##### RAW DATA
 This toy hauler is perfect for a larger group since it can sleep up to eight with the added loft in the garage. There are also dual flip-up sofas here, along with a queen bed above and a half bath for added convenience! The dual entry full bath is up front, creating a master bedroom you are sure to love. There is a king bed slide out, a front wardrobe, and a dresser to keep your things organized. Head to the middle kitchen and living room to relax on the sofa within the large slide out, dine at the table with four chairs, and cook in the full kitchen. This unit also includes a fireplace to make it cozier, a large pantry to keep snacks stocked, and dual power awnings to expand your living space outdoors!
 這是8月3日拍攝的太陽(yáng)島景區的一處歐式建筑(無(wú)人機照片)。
##########
##### RAW DATA
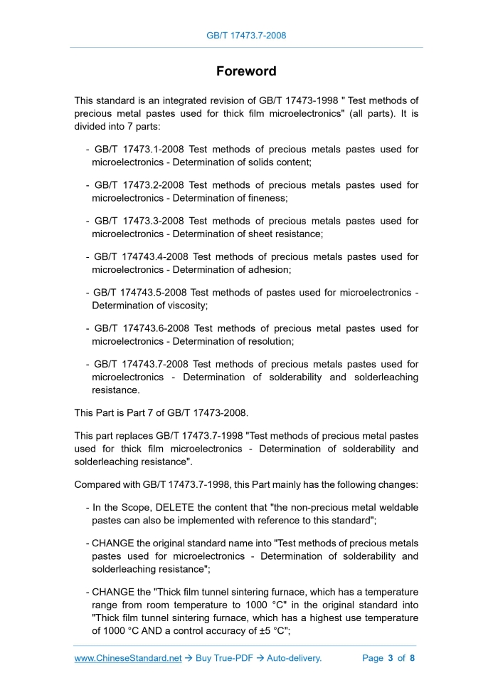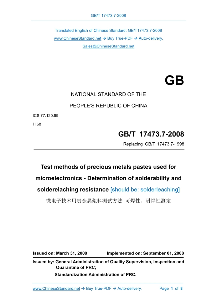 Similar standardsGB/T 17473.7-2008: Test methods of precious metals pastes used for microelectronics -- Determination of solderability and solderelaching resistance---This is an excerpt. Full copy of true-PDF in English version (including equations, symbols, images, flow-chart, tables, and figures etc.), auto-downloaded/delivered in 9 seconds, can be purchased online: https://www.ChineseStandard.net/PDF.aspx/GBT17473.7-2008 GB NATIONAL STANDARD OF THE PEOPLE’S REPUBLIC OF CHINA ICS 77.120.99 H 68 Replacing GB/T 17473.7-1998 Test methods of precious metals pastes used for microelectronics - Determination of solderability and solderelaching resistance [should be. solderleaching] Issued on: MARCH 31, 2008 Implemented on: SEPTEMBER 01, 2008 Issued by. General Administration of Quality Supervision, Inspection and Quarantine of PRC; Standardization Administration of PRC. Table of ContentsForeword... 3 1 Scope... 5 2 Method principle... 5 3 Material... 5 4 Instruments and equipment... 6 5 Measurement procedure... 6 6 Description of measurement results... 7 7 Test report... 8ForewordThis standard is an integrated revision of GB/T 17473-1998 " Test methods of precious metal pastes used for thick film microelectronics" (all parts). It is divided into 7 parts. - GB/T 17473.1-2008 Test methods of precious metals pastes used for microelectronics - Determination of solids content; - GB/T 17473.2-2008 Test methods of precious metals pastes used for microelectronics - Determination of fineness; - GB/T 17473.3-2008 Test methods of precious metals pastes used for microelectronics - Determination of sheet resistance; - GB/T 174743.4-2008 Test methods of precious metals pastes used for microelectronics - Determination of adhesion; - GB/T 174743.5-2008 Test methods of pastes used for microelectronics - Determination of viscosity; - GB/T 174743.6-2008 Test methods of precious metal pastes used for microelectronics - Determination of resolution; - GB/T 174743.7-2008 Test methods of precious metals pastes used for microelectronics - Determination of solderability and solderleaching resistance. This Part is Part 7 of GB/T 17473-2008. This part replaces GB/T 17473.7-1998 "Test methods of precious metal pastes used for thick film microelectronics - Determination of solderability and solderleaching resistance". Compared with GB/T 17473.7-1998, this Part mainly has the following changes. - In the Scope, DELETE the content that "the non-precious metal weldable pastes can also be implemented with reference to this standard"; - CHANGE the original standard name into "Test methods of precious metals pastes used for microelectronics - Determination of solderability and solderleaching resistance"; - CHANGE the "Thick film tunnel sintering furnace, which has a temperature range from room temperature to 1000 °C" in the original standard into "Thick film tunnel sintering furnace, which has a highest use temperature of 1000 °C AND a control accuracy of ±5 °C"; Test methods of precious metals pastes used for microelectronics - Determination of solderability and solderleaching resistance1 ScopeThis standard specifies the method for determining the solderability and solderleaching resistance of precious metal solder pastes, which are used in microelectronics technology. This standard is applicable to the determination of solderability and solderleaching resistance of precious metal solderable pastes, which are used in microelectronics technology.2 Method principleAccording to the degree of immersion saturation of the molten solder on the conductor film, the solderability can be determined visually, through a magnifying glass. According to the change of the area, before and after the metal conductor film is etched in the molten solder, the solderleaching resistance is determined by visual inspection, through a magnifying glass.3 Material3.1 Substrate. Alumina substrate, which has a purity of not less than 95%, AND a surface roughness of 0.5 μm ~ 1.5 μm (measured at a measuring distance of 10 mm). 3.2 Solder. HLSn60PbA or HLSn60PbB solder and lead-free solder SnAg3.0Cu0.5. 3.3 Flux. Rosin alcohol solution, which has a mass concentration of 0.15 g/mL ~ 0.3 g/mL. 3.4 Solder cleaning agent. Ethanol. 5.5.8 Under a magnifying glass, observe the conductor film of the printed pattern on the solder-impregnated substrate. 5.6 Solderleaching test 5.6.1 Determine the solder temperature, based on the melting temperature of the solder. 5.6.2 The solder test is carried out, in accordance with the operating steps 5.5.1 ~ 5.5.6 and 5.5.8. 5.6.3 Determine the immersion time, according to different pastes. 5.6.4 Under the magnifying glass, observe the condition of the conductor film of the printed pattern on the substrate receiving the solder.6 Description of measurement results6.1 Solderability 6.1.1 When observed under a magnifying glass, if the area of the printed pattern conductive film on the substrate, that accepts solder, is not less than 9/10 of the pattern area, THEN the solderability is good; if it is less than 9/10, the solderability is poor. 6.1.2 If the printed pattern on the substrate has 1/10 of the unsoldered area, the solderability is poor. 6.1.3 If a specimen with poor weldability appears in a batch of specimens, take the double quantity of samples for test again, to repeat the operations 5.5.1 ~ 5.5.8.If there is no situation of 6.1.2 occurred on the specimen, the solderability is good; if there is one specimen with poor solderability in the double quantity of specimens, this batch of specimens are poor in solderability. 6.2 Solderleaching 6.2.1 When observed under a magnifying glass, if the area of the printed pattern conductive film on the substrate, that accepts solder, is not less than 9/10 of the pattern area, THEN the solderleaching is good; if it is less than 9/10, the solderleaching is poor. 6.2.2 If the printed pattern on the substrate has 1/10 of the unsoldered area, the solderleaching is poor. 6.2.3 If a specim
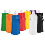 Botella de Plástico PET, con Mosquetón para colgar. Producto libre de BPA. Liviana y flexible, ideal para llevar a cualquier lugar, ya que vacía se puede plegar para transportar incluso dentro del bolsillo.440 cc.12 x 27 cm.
##########
▶ [PROMPT]:
In the data above, start at the line that has "This toy hauler", stop after the line that has "這是8月3日拍攝的太陽(yáng)島景區的一處歐式建筑(無(wú)人機照片)。", and print every line in between exactly as it stands.

▶ [ANSWER FOR THIS EXERCISE]:
 This toy hauler is perfect for a larger group since it can sleep up to eight with the added loft in the garage. There are also dual flip-up sofas here, along with a queen bed above and a half bath for added convenience! The dual entry full bath is up front, creating a master bedroom you are sure to love. There is a king bed slide out, a front wardrobe, and a dresser to keep your things organized. Head to the middle kitchen and living room to relax on the sofa within the large slide out, dine at the table with four chairs, and cook in the full kitchen. This unit also includes a fireplace to make it cozier, a large pantry to keep snacks stocked, and dual power awnings to expand your living space outdoors!
 這是8月3日拍攝的太陽(yáng)島景區的一處歐式建筑(無(wú)人機照片)。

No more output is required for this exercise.